While exploring various operators of elevation, we were surprised by how well the infinity-Laplacian identifies places where water has been flowing. We found that the infinity-Laplacian ties water movement, elevation, and sediment transport together and detects rivers moving across terrain. Therefore, we used it as an ingredient to construct an operator to generate a river surface. We know that the infinity-Laplacian is related to the theory of the optimal transport of mass (in this case, sediments) so it makes sense that it works to detect rivers. We used this operator to create an initial guess of where to add water back to our elevation map.
The infinity-Laplacian is a differential operator that is related to optimal mass transport. It provides an alternative sense of harmonic functions.
The infinity-Laplacian also has interesting implications for understanding turbulence. The operator can identify locations in the river where sediment is unstable and likely to erode. Since increased sediment transport is correlated with turbulence, we can also use this operator to find areas in the river likely to be turbulent.
The last step was to create a map of water velocities at every pixel. We built a machine learning model to compute the details of the fluid dynamics in the river channel. We constrained the model to obey the Navier-Stokes equations.
Tying it All Together
At Earthbound, we believe we can improve predictions by leveraging the interconnectedness of Earth’s systems such as water, soil, weather, and land and the laws of physics that govern these systems. In this case, we used topography to expose the past and present movement of water around the landscape. We used the infinity-Laplacian and Navier-Stokes equations as core components and constraints of this machine learning model. By blending mapping, machine learning, physics, and the prior knowledge that comes with it, we decreased the need for a lot of training data and imagery and increased the explainability of our model. Blending these approaches let us do more with less to help us understand Earth’s impacts on infrastructure integrity.

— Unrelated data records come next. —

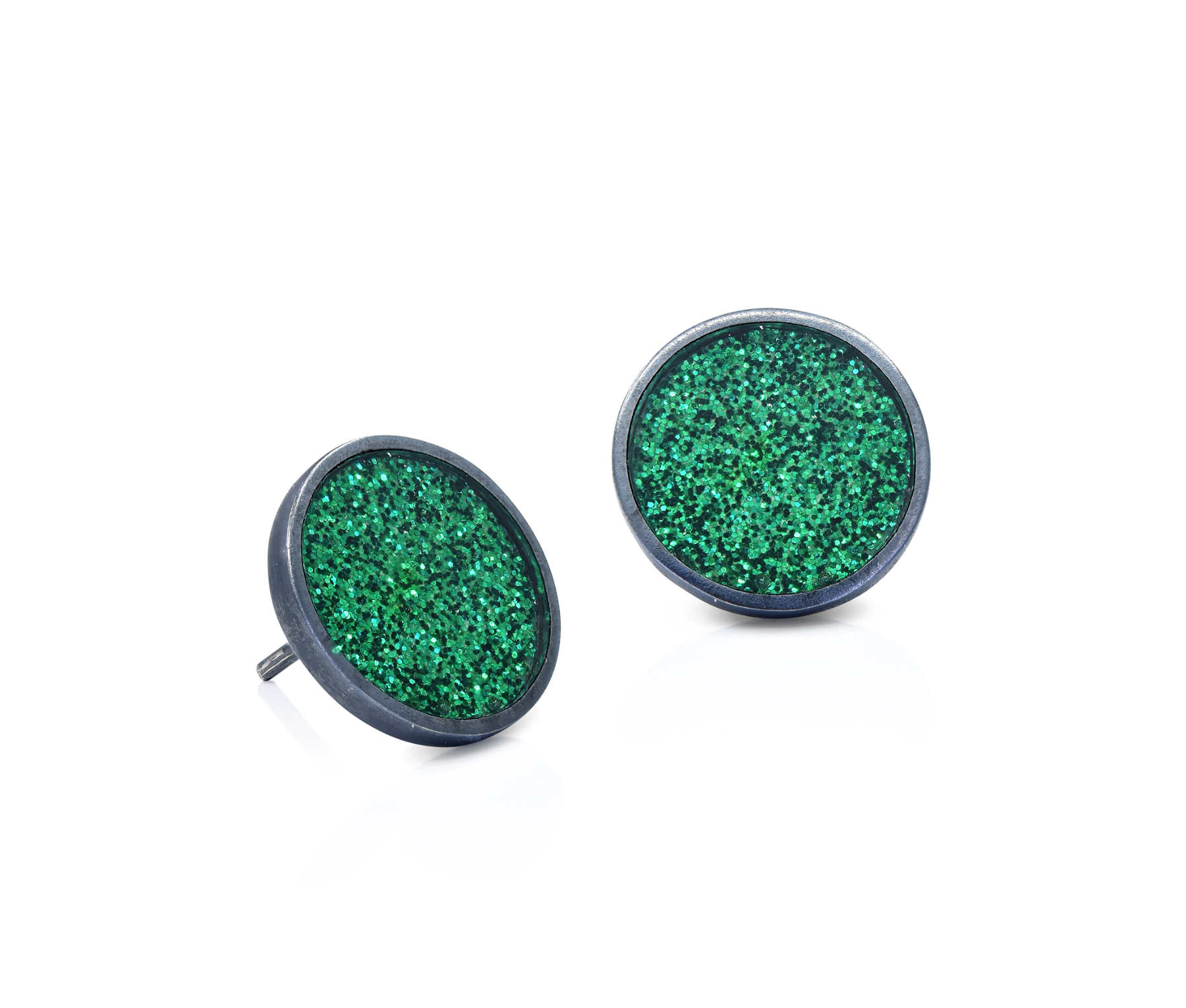 Sterling silver oxidised, evergreen glitter, resin earrings [15mm diam.] [$295]
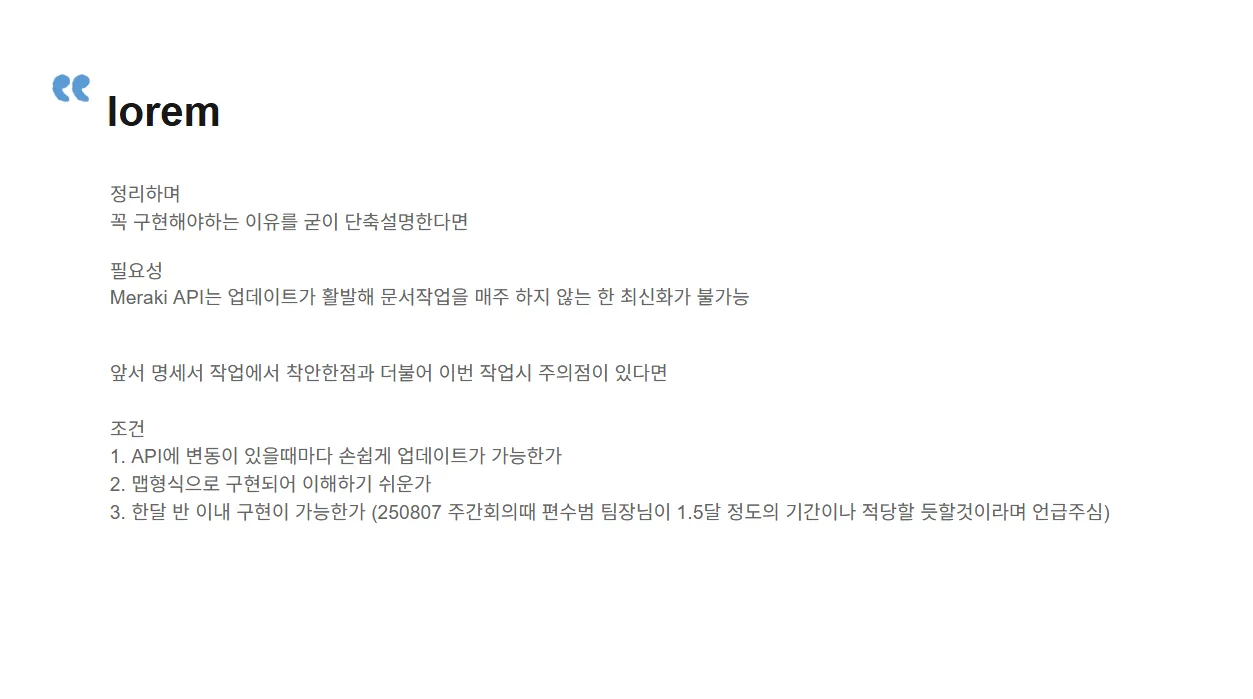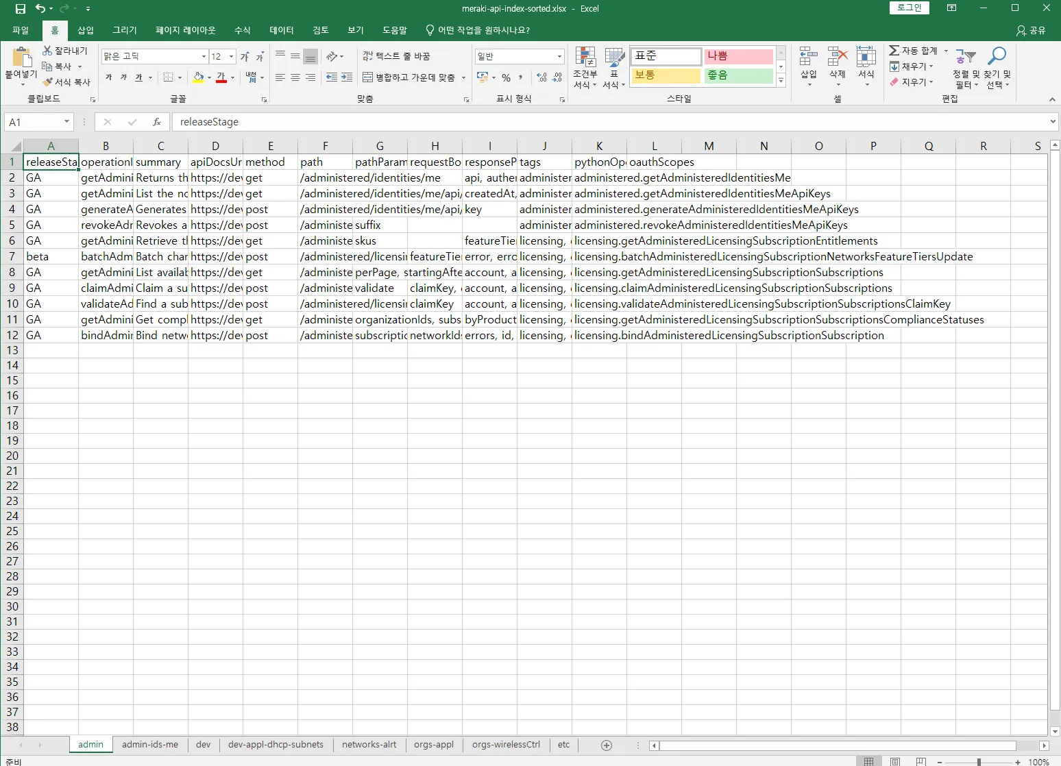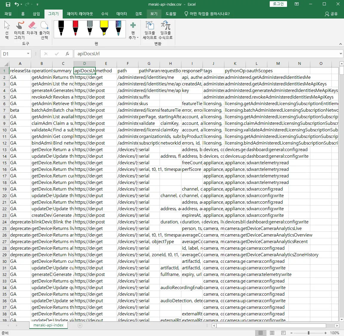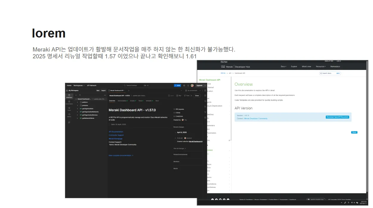 Meraki API는 업데이트가 활발해 문서작업을 매주 하지 않는 한 최신화가 불가능
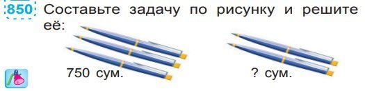 Три ручки стоят 750 сум. Сколько стоят две ручки?
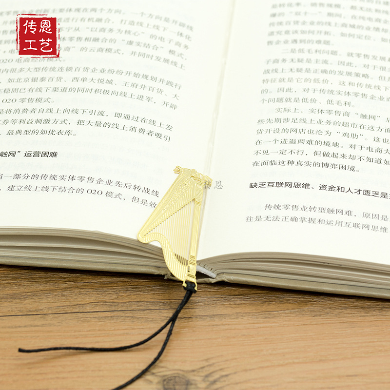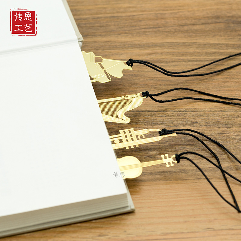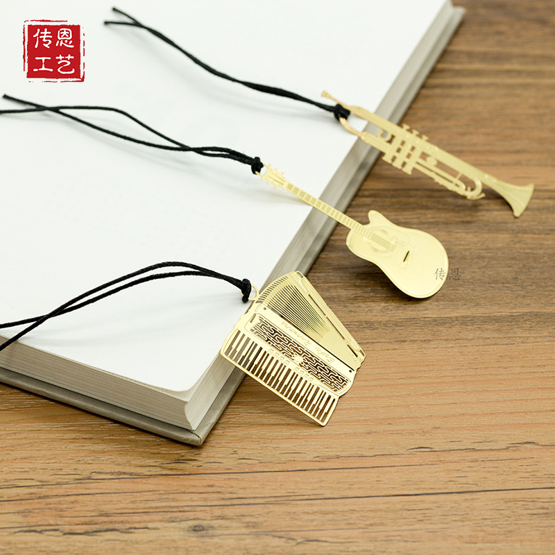 韩版挂绳金属腐蚀书签 迷你创意精美书签 文艺音乐书签黄铜
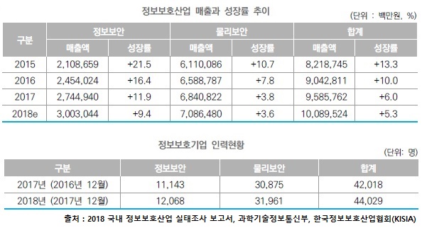 또한 산업계에서도 해당 분야의 투자를 지속적으로 하고 있다. 국내 정보보호산업의 성장률은 2016년 +10%에서 2018년 +5.3% 성장하는 등 매년 성장세가 꾸준히 지속되고 있으며, 2018년 정보보호시장 규모는 10조원을 돌파한 것으로 추정하고 있다. 인력 또한 증가세를 유지(2017년 4만 2018명에서 2018년 4만 4029명으로 전년 대비 4.8% 증가)하고 있다.
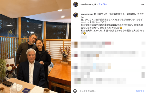 「夫婦顔が似てるね」元なでしこ澤穂希、両親以外で交際&結婚を報告していた“唯一の人物”とイケオジ夫との3ショット公開 (3/3ページ) 1ページ目から読む サッカー批評編集部 なでしこジャパン 2025.11.29 ■【画像】「夫婦顔が似てるね」澤穂希、両親以外で交際&結婚を報告していた“唯一の人物”とイケオジ夫との3ショット 少し前の投稿では、旅番組『あこがれの絶景クルーズ旅』(BS10)に夫婦で出演した際の様子を披露した澤。その仲良し2ショットに多くの絶賛コメントが寄せられた。 ※画像は澤穂希のインスタグラムより、以下同 この投稿をInstagramで見る 澤穂希(@sawahomare_10)がシェアした投稿 【この画像の記事を読む】 1 2 3 さっかーひひょうへんしゅうぶ サッカー批評編集部 1998年4月に創刊。「素晴らしいプレーと拮抗する興奮を、言葉で伝えることができたらと思う。サッカーをプレーする時、観戦する時と同様の情熱を持って、読んでもらえることを願っている」という創刊時の精神をそのままにWebでも記事を展開。日本サッカー協会100周年にあたっての「JFA100周年表彰」の媒体賞を受賞。 関連記事 2G1Aでは不満⁉4ゴールに絡んで20歳のなでしこ至宝MF谷川萌々子が圧巻パフォーマンス!「1人で試合壊す活躍…」「エグすぎる」「ブーストしとる」 サッカー批評編集部 なでしこ切り札“サッカー界のレディー・ガガ”、まるで海外セレブなオレンジヘアのドレスアップショットで圧倒的オーラ放つ サッカー批評編集部 「うん別人かも」丸山桂里奈のなでしこジャパン時代の“勇姿”に愛娘は「ママじゃないよ」と断言!?「大きくなったらママの偉大さが分かると思いますよ!」と励ましの声 サッカー批評編集部 「わ!声出ましたよ!」「世界一可愛いです」元日本代表・稲本潤一の美人モデル妻、うるうる唇の半年ぶり近影に沸く サッカー批評編集部
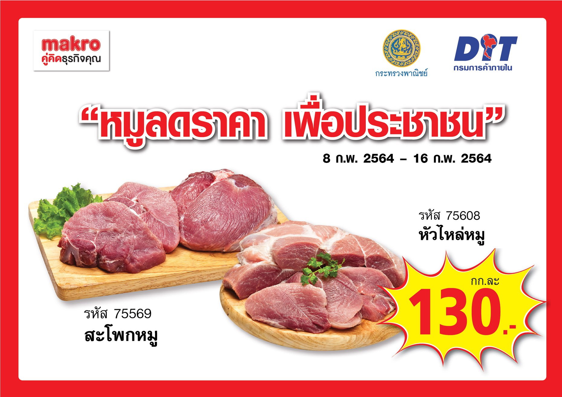 'แม็คโคร'ขานรับก.พาณิชย์ตรึงราคาหมู ช่วงตรุษจีนเนื้อแดงโลละ130ถึง16ก.พ.นี้
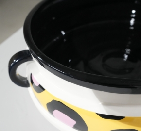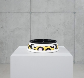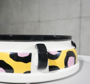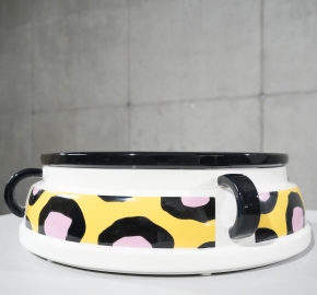 Cauliflower is een speels uitgesproken fruit- of koelkastkom uit 1985, ontworpen door patroonmeester Nathalie Du Pasquier. Ondanks de naam is het een hommage aan de charme van groenten: een ronde keramische schaal met een levendig patroon van roze vlekken omlijst met zwarte contouren op een zonnige gele achtergrond. Handgemaakt en met de hand beschilderd, met vrolijke decals die de Memphis-stijl stijlvol weerspiegelen.
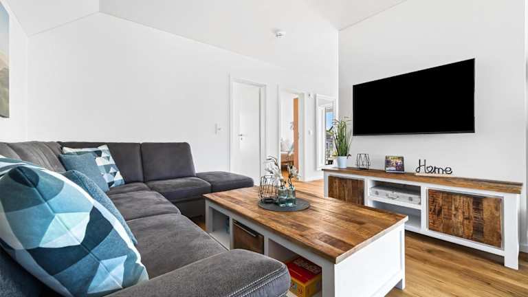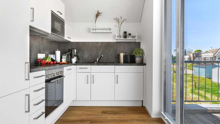 Die Ferienwohnung bietet zwei Schlafzimmer, ein Wohnzimmer und eine gut ausgestattete Küche.
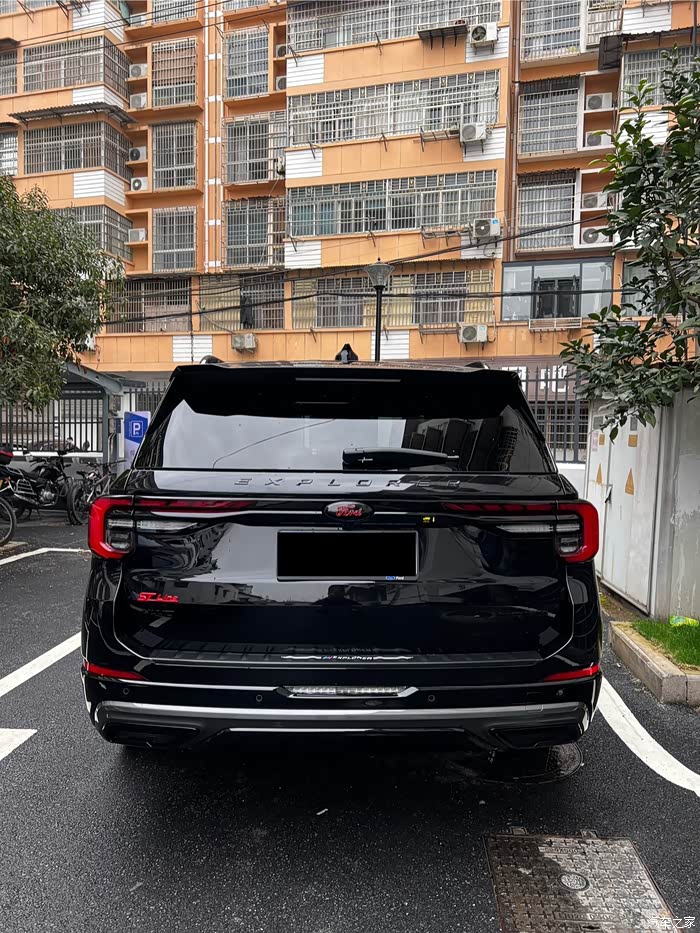 就瞄准了符合父母孩子的刚性需求用车“家庭硬汉探险者”:1.贴完车衣,改个红标…大探七座ST Line基本不用动了,熏黑轮圈大宽胎(当然要是315的就更好啦)一直是我买车的视觉基本要求。2.三大件除了少个双叉臂有点遗憾,其它都完全符合这价位的档次,纵置后驱的布局甚至达到高一档次的车型。3.动力和操控,尤其高速上这么大的车还能牢牢的把你吸在路面上的稳重和反馈,对于有车感的人自然就明白。4.感官和舒适,男人天性有忠迷机械感,大探的机械怒吼虽比不上跑车,但能满足我能力范围内的听感,尤其还带点本田机车CB400的男人最爱的“口哨声”

What This Means for our Users
Artificial Intelligence systems are often made up of many parts such as data, models, and functions. The Earthbound platform provides users with these parts and ‘stocks the shelves’ so they can be assembled into custom solutions and deployed in a scalable compute cluster.
Now, our users can drag-and-drop these components into their own solutions to model complex interactions between critical infrastructure and soil, water, and weather.